Exercise goal: Among the entries below, which lines include the string "Model"? Show each one.

Exercise data:
++++++++++++++++++++

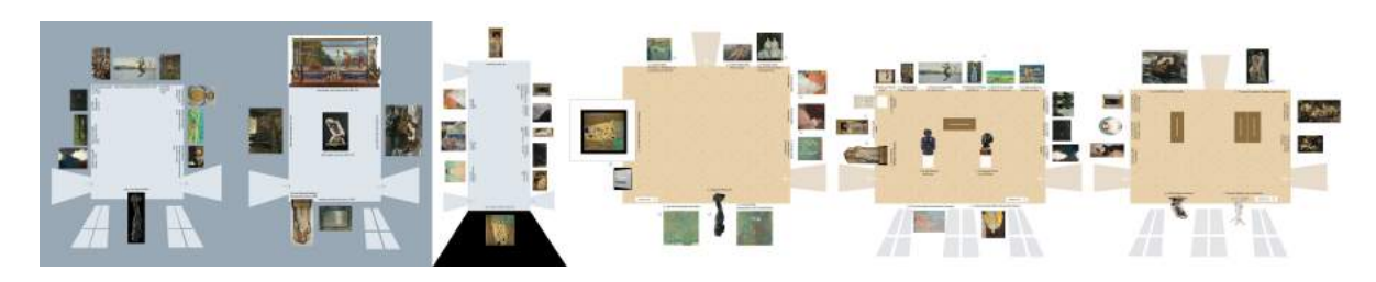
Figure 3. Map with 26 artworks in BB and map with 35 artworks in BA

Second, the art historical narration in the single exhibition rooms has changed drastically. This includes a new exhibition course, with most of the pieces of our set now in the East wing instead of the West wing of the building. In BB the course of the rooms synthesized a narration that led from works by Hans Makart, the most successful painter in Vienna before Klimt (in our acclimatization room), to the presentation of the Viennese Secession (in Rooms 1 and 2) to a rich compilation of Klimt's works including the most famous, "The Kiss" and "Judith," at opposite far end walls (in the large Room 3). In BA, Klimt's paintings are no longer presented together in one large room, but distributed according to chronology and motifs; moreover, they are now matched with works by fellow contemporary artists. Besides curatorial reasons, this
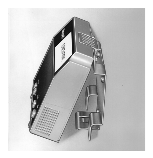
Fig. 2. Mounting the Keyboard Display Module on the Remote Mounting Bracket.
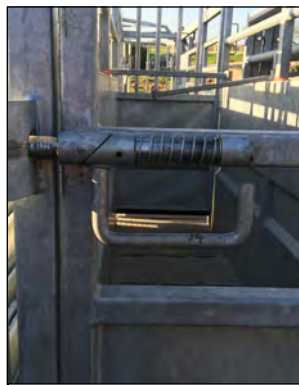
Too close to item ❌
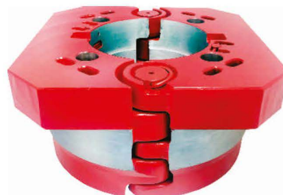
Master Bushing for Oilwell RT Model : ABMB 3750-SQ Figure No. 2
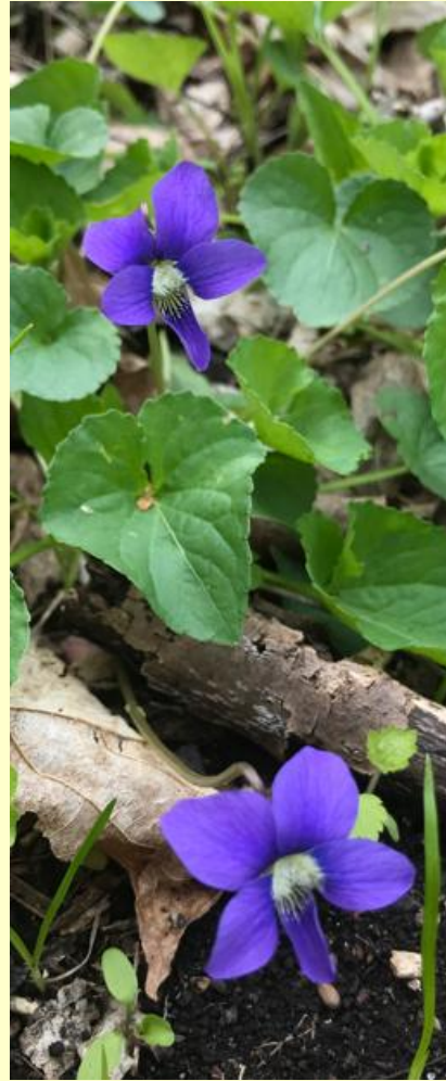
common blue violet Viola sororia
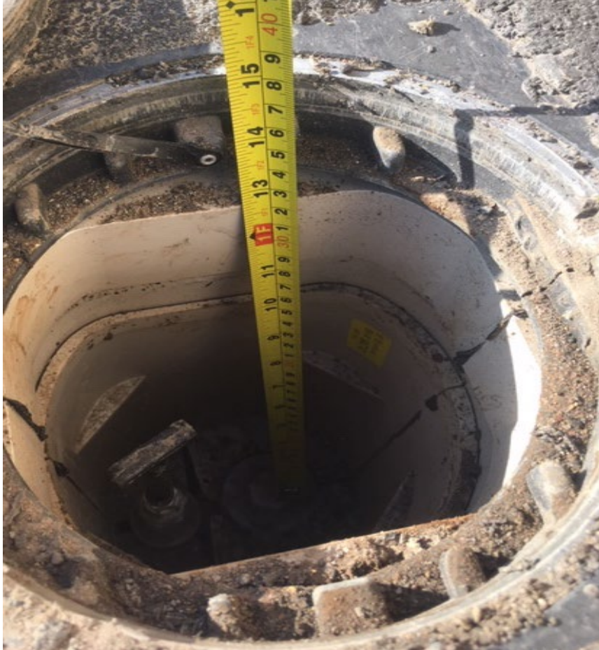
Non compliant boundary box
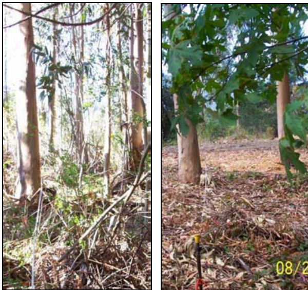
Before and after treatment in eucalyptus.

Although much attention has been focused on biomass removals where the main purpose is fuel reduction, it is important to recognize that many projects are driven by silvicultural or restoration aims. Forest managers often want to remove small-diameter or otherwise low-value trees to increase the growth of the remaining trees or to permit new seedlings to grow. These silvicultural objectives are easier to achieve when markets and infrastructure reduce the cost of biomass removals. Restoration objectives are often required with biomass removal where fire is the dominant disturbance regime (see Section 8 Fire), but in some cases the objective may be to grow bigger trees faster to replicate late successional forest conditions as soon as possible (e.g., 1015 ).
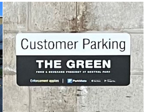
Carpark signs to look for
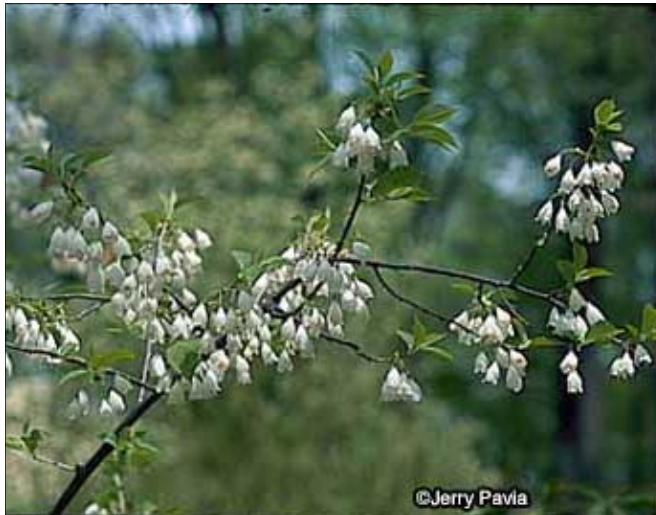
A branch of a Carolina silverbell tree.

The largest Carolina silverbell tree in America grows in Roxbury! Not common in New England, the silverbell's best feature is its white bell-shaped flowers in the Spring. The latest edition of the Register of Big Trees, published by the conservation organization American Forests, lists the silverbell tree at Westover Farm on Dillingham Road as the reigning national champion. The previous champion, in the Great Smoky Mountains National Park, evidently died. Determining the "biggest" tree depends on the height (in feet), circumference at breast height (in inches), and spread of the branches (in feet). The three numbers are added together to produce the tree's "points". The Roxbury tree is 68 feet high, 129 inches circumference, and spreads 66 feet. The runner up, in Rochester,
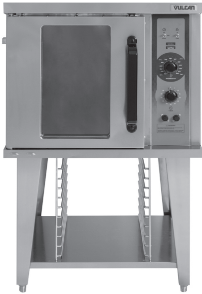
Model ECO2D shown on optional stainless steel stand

++++++++++++++++++++

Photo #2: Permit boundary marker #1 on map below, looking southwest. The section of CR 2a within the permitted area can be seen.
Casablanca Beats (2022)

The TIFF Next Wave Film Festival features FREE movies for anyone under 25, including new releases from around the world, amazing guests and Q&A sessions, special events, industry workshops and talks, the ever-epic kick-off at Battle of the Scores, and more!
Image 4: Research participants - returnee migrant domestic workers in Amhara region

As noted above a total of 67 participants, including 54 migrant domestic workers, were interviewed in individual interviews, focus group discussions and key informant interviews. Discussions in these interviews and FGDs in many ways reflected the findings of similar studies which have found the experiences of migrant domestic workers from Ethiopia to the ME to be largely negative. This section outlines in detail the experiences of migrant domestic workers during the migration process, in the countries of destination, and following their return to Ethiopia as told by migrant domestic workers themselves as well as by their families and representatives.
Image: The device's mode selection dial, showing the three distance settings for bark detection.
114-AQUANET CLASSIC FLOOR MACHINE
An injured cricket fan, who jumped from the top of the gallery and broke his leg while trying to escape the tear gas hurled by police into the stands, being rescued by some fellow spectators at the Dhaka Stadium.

++++++++++++++++++++

Solution:
Master Bushing for Oilwell RT Model : ABMB 3750-SQ Figure No. 2
Model ECO2D shown on optional stainless steel stand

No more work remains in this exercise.